Пока мы рассматривали книгу и любовались ею, нас незаметно окружили хористы. К нашему удивлению, у них – совсем иные, чем прежде, при нашем появлении на хорах, лица. У многих горят глаза. Пытаются заговорить с нами на ужасающем французском языке. Наконец, они решились-таки спросить нас:
– Где вы научились так хорошо петь?
– В России, – говорим, – ведь мы русские.
– Да, мы знаем! Но нашу-то музыку где изучали?
– Как где? – отвечаем. – Мы специально ее совсем не изучали. Нам дали ноты, мы спелись, и вот пришли сюда, чтобы спеть здесь.

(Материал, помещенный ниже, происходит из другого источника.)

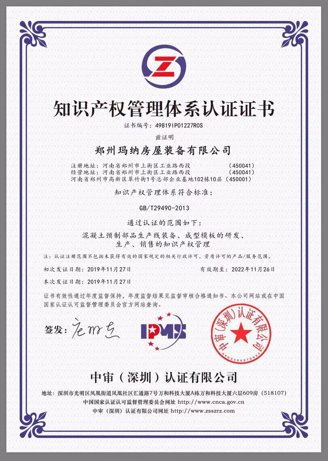 2019年11月27日,鄭州瑪納房屋裝備有限公司獲得第三方認證機構(gòu)頒發(fā)的《知識產(chǎn)權(quán)管理體系認證證書》,

– Но ведь вы пели на чужом для вас языке, без аккомпанемента, и никто вами не управлял! Откуда же у вас такая свобода и непринужденность исполнения? А главное – такая точность и чистота интонации и такая слитность пения?.. Поете, точно не трое, а один человек поет! Признаться, нам так не спеть!..
Мы улыбнулись, поблагодарили за комплимент и снова ответили, что мы – из России и там привыкли именно так петь. Мы с малых лет без аккомпанемента поем.
– Но ведь это там у вас, дома, где вы поете вашу родную, привычную для вас музыку! А здесь-то как – чужую для вас, католическую?..
Разговор наш чем дальше, тем все больше не клеился. Как ни объясняли мы испанцам, что мы с малых лет певуны, что нам все равно, что петь, – свое или чужое, – они не могли взять в толк, как это так: русские, а могут петь и нерусское, да еще строгое, выдержанное по стилю и… по-латыни?
– Мы, – сказали нам испанцы в заключение, – и представить себе не можем, что получилось бы, если бы нам пришлось петь вашу музыку, в вашей стране, по-русски…
Беседа наша так ничем и не кончилась, мы не договорились. Но, встретившись почти врагами, расстались друзьями. Нас провожали полные удивления восторженные, возбужденные лица, дружеские пожатия рук, приветы и даже благодарности.
Позже официальным путем мы получили официальную благодарность их величеств: «Expresivas gracias por la amable actuacion tomada en la Capilla publica del dia 2 del actual en que tan admirablemente canto…»[2]
Этот небольшой эпизод для меня лично – полон значения. Для меня это не частный случай оценки русских певцов испанскими хористами, а отражение общего отношения Западной Европы к нам – русским. Европа раньше нас не знала и с нами почти не сталкивалась. Когда же столкнулась, то не сумела посмотреть на нас иначе, как свысока.
– Что? Русский? Певец? Ну, пусть споет что-нибудь «русское»! – говорила Европа.
Прикосновения к своему, к общеевропейскому с нашей стороны она не допускала («где же, мол, им?»), а вернее, что попросту этим не интересовалась.
Однако не всегда и не везде дело обстояло именно так, как она хотела. Иногда русскому певцу удавалось, что называется, «проскочить через запретную зону» вопреки желаниям и ожиданиям европейской публики и неплохо исполнить и не свое, не русское. Вот тогда Европа широко открывала удивленные глаза и не могла взять в толк, что перед ней за явление.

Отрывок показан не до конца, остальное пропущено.